La Sagrada Família es hoy uno de los monumentos más visitados del mundo y el símbolo arquitectónico más reconocible de Barcelona. Sin embargo, quienes la visiten dentro de medio siglo se encontrarán con una basílica muy distinta a la que millones de turistas conocen actualmente. Los expertos coinciden en que, cuando la obra esté completamente finalizada y todos los elementos del proyecto de Antoni Gaudí se hayan desarrollado, la experiencia de visitar el templo será mucho más completa.
La realidad es que la basílica todavía se encuentra en construcción, más de un siglo después de que comenzaran las obras. Aunque la estructura principal está prevista para completarse en los próximos años, muchos detalles arquitectónicos, escultóricos y decorativos continuarán desarrollándose durante décadas. Por eso, los especialistas aseguran que dentro de 50 años la obra de Gaudí estará plenamente materializada.

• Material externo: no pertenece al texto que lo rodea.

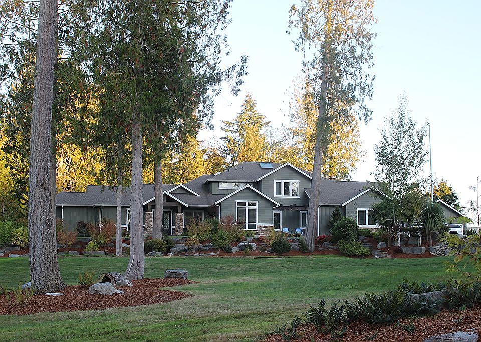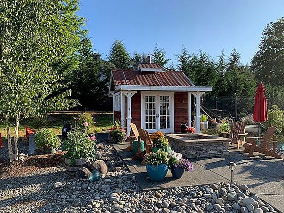 Beautiful custom home that is well suited for entertaining, multi-generational, and large families. Water, mountain and territorial views. 2 large master suites downstairs, all bedrooms with private baths. Large open chef kitchen with 2 dishwashers. This home has a laundry room on both floors for convenience and a large craft / exercise / playroom on the second floor above the garage. All cabinet surfaces have granite throughout the house. Approximately 2600 square feet of wood floors downstairs and carpet upstairs. This luxury property has a private well that is 380 feet deep, and power is backed up with a natural gas generator on an ATS switch. It is situated on 5.21 fenced and gated acres. A large fenced ORGANIC garden area with potting shed next to the house with a stone fire pit for outdoor gatherings. Extensive landscape and hardscapes throughout the property.
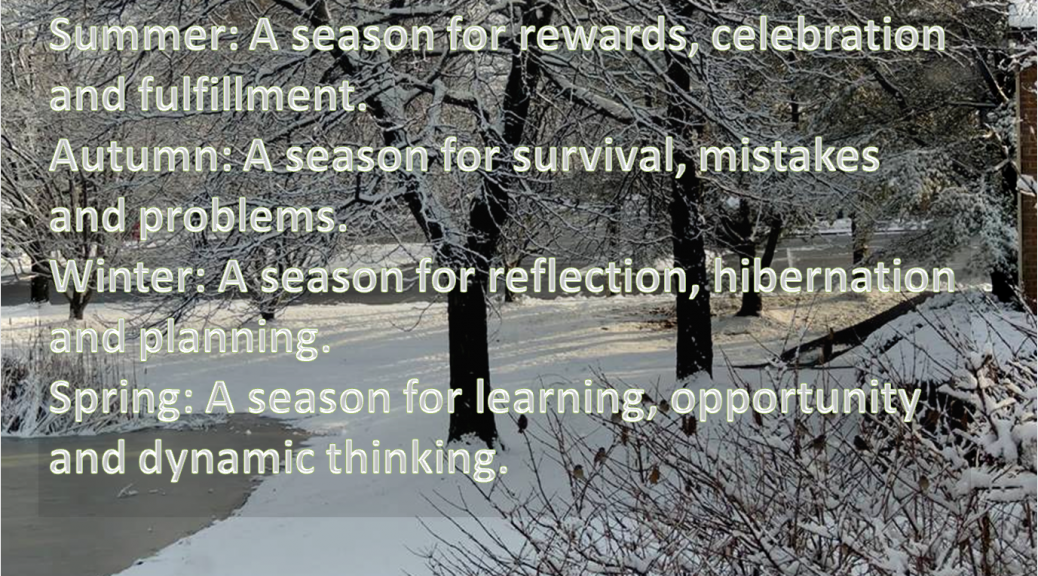Like plants, we also go through various types of seasons in our lives. We have our own seasons!. Having a full -time job and growing economy-are like spring and summer seasons where we find opportunities everywhere. We tap into various opportunities and would like to grow in career and make a better life. There is nothing wrong in this. If the economy is taking a recession then it is like winter and we will be cautious about our needs and spending as the world around exhibit lesser activity. In other words, when there is flow of surplus money we rush to buy things – more clothes, shoes, changing cars, buying houses etc. We expand our social circle and try to fit into or lead someone else life. In the process, we forget what reality is and to ground ourselves. We tend to ignore the fact that we may also face harsh situations (winter) in our lives. It is important to be prepared for all seasons of life while living (grounded) in the present.

La fachada de la Gloria transformará la entrada al templo
Uno de los cambios más importantes será la finalización de la Fachada de la Gloria, que está llamada a convertirse en la entrada principal de la basílica. Esta parte del templo será la más monumental de todas y estará dedicada al concepto de la gloria y la eternidad, representando el camino espiritual desde la muerte hasta la vida eterna.

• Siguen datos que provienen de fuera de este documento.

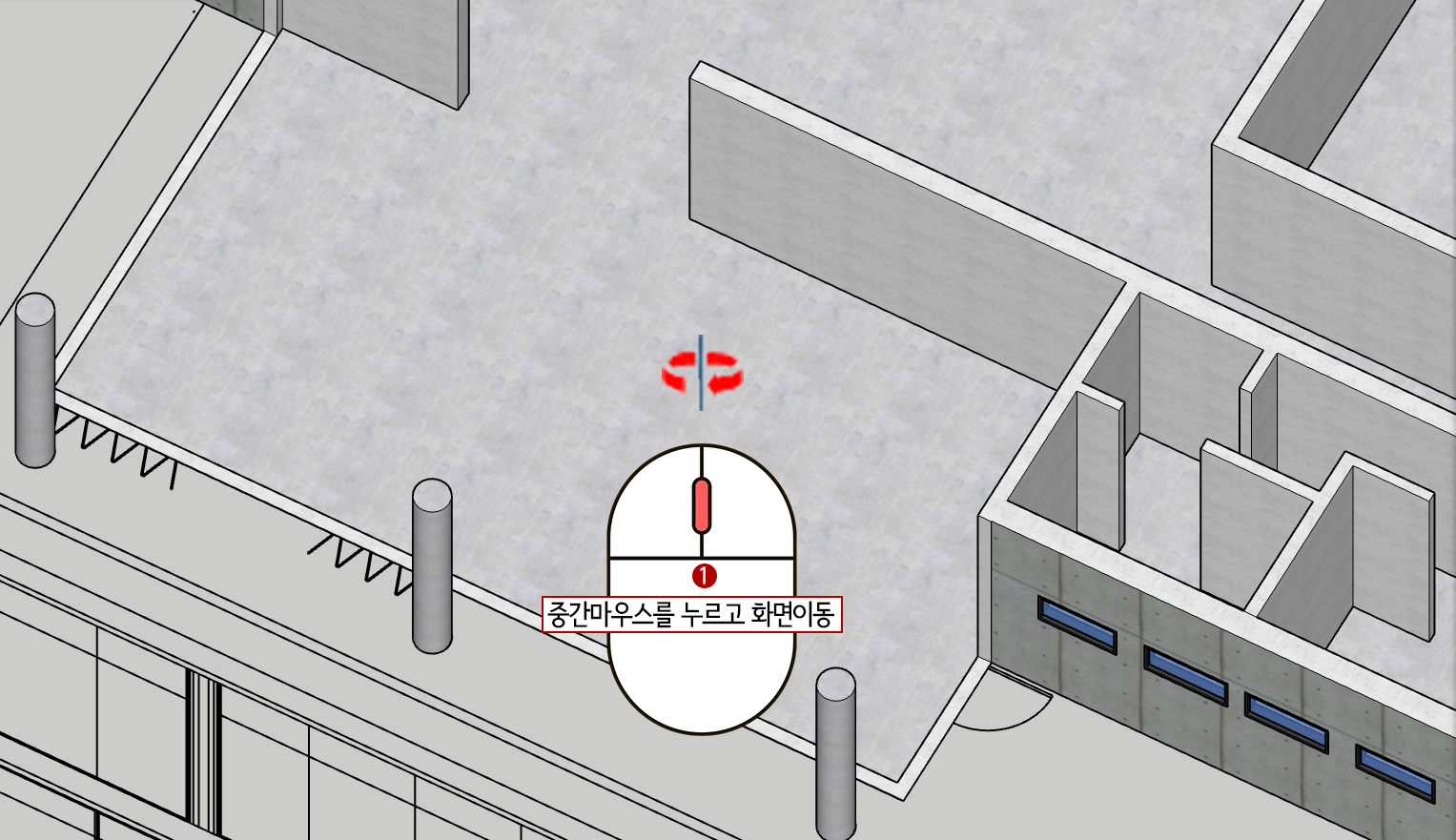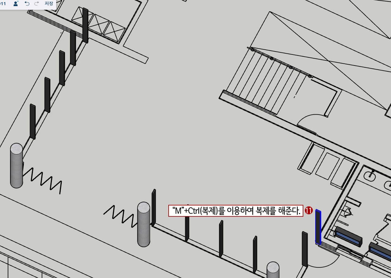 목차앞선 강좌와 연속해서 외부와 내부를 연결시켜 주는 폴딩도어를 만들어 보겠습니다.회전(Q)과 복사(M + ctrl) 기능을 많이 활용할 것입니다. 지난 챕터 06까지 진행했던 파일을 첩부합니다. 1.
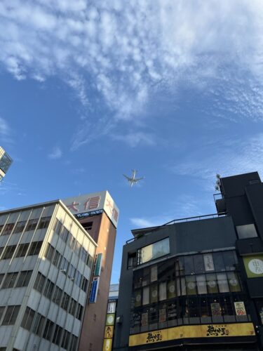 けっこう見える 投稿者: Tomoki | 2022/08/23 0件のコメント 2022年8月23日。 ぶらぶらと出社して、オフィスでお仕事して。 たまには会社にも行きます。 — 早めに切り上げて外に出たら、飛行機の音。 夕方は羽田空港へのルートが都心上空になるので、品川も通るわけですが。 普通にスマホでも映るぐらいだから、けっこう低い。 ただ、このルートは景色が楽しいんですよね。伊丹には負けるけど。
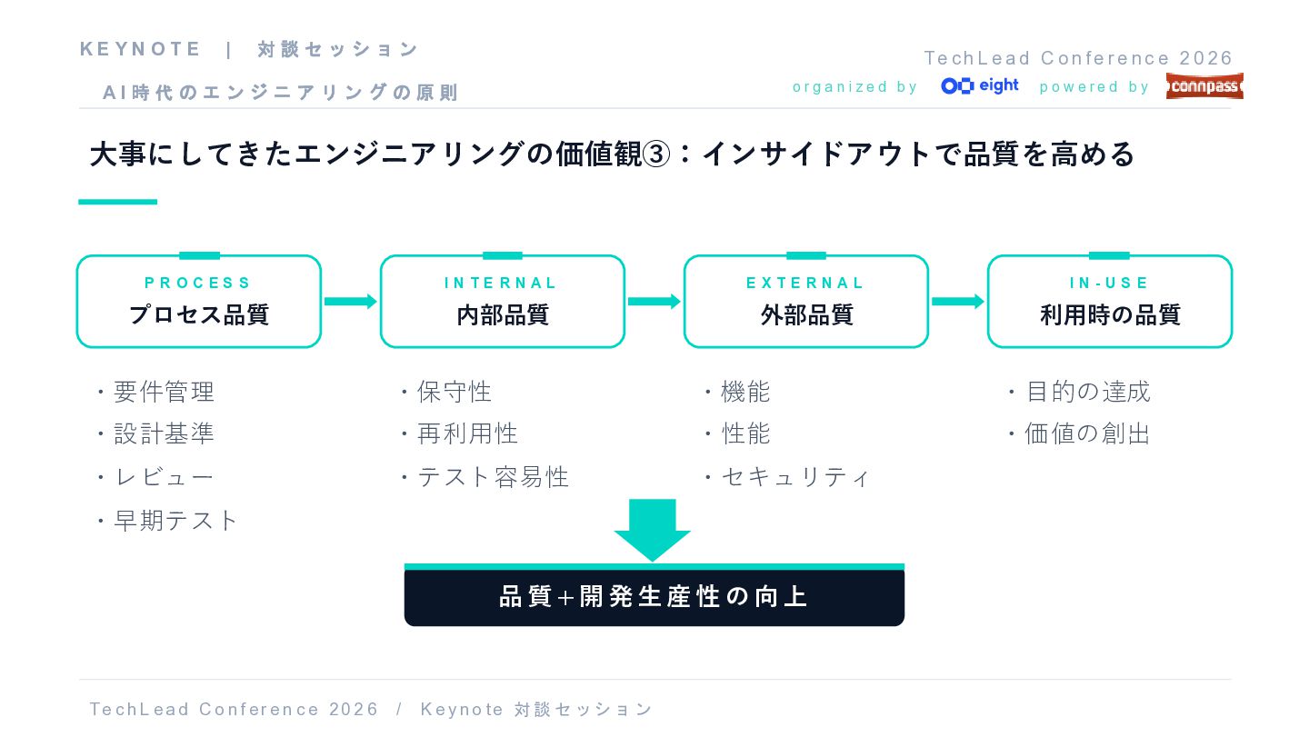 f e r e n c e 2 0 2 6 o r g a n i z e d b y p o w e r e d b y 大事にしてきたエンジニアリングの価値観③:インサイドアウトで品質を高める P R O C E S S プロセス品質 ・要件管理 ・設計基準 ・レビュー ・早期テスト I N T E R N A L 内部品質 ・保守性 ・再利用性 ・テスト容易性 E X T E R N A L 外部品質 ・機能 ・性能 ・セキュリティ I N - U S E 利用時の品質 ・目的の達成 ・価値の創出 品 質 + 開 発 生 産 性 の 向 上 T e c h L ea d C o nf er e n c e 20 2 6 / K e y no t e 対談 セッショ ン K E Y N O T E | 対 談 セ ッ シ ョ ン A I 時 代 の エ ン ジ ニ ア リ ン グ の 原 則

Cuando esté completamente terminada, esta fachada cerrará simbólicamente el ciclo arquitectónico del templo, complementando las ya existentes fachadas del Nacimiento y de la Pasión. Además, su construcción transformará el entorno urbano que rodea la basílica, especialmente el espacio frente a la calle Mallorca.
Las torres centrales cambiarán el skyline de Barcelona
Otro de los elementos que definirá el aspecto final de la Sagrada Família serán las seis torres centrales del templo. Entre ellas destacará la torre de Jesucristo, que se convertirá en la más alta de toda la basílica y también en la iglesia más alta del mundo. Esta torre culminará con una gran cruz visible desde numerosos puntos de la ciudad y contará con un ascensor de cristal que permitirá a los visitantes acceder a nuevas zonas de observación. Junto a ella se levantarán las torres dedicadas a los evangelistas y a la Virgen María, completando el diseño simbólico que Gaudí imaginó para el templo.
Así pues, aunque la basílica ya es uno de los grandes iconos de Barcelona, los expertos aseguran que su aspecto definitivo aún está por llegar. Dentro de varias décadas, cuando todas las esculturas, fachadas y torres estén completamente finalizadas, visitar la Sagrada Família será una experiencia diferente, mucho más cercana a la visión original que Antoni Gaudí imaginó hace más de cien años.